When the repaired the Hubble this last few months ago they went into a  
mode where little science is being done because they are testing and  
calibrating so that when the do go back to doing science, it will be  
accurate.  For a collection of scientists and engineers we as a group  
are collectively very reluctant to actually subject our systems to any  
sort of tests.  And with there are so many that seem to delight in  
running their systems at the upper edge f stability, I find this even  
more curious ...

Just as important I just lost ,to a slight case of death, one of my  
GPUs, but had it been doing bad calculations before it died enough to  
drive to pink screens?  I don't know ... and if it had, for how long?

When I suggested testing regimes in the past I did say, and still do,  
that we should be using full length tasks for testing.  Yes it is a  
cost of doing business and yes it will reduce the amount of results  
returned.  But I thought the point was to get known good results ...  
not just results of doubtful quality.

However, if we did implement a scheme such as I suggested in  
"Calibration" or as Dr.
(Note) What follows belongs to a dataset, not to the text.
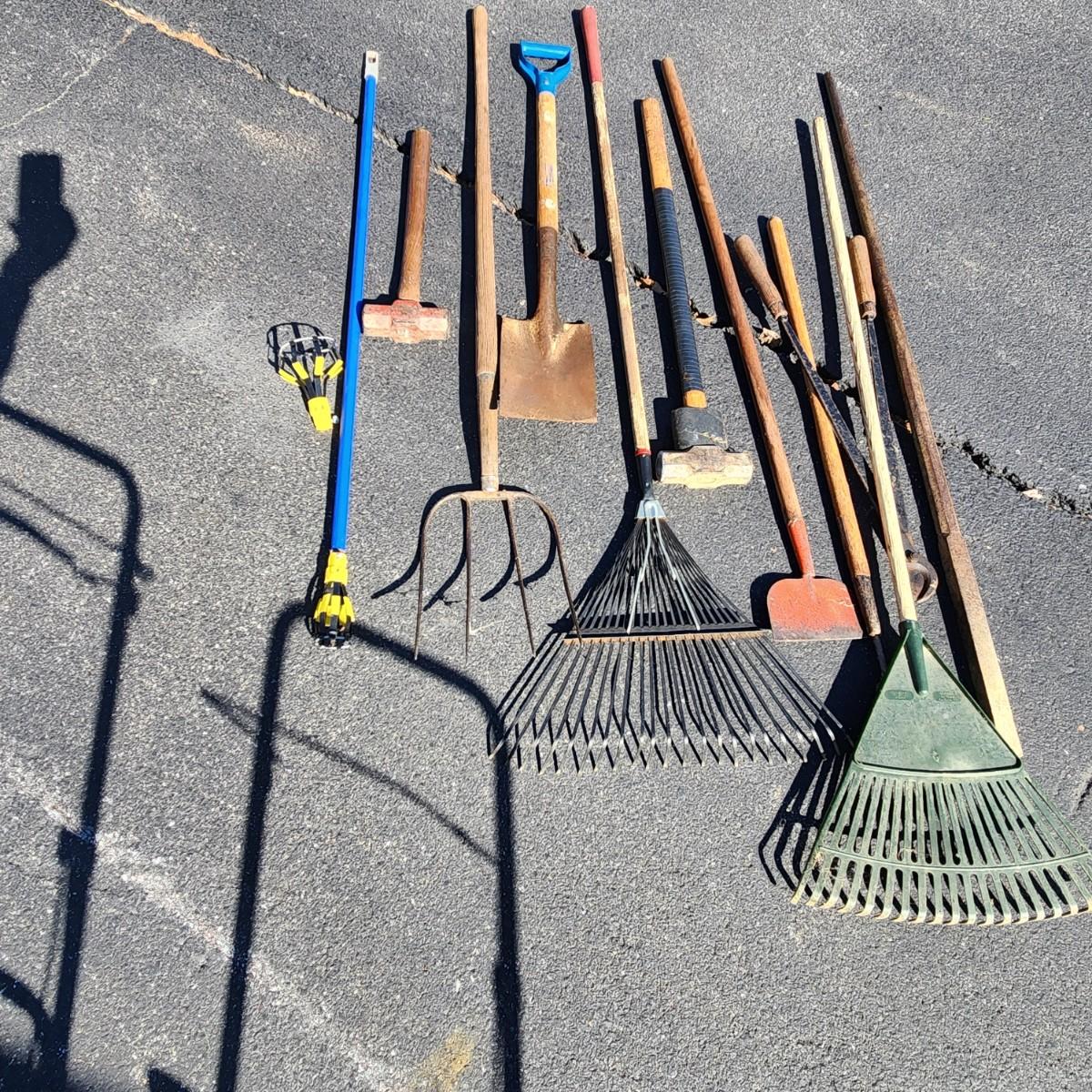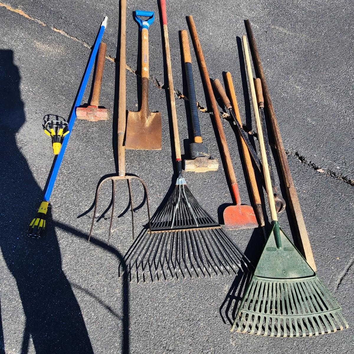 Garden Yard Tool Lot Rakes, Shovel, Forks, Light Changer ++

Anderson suggested in the new paper; if we are  
coordinating across projects there is no reason that more than one  
project would issue the "calibration" task per week than there is a  
need to run the benchmark every hour.

Assume we have 50 total projects and from those we cull to those that  
have relatively short task run times (eliminate Orbit and CPDN for  
example) then your client would ask for a calibration task on schedule  
from one of those projects that supplies calibration tasks and to  
which you are attached.  One could argue that other projects would be  
allowed to issue those calibration tasks should they chose to do so,  
but they would essentially be issuing, for example, SaH test tasks  
from CPDN site ... it may or may not be desirable...

On completion, as we store the information about the running of the  
benchmark we would store the information about the running of the  
calibration task.

Thus we validate the hardware with known tasks with known answers and  
if the suite is large enough it will make it challenging to come up  
with a cheat list ... just like some compilers had benchmark detection  
code ... we make test task detection harder ... and we do not increase  
the overhead significantly.

Oh, and eventually we get rid of the benchmark ...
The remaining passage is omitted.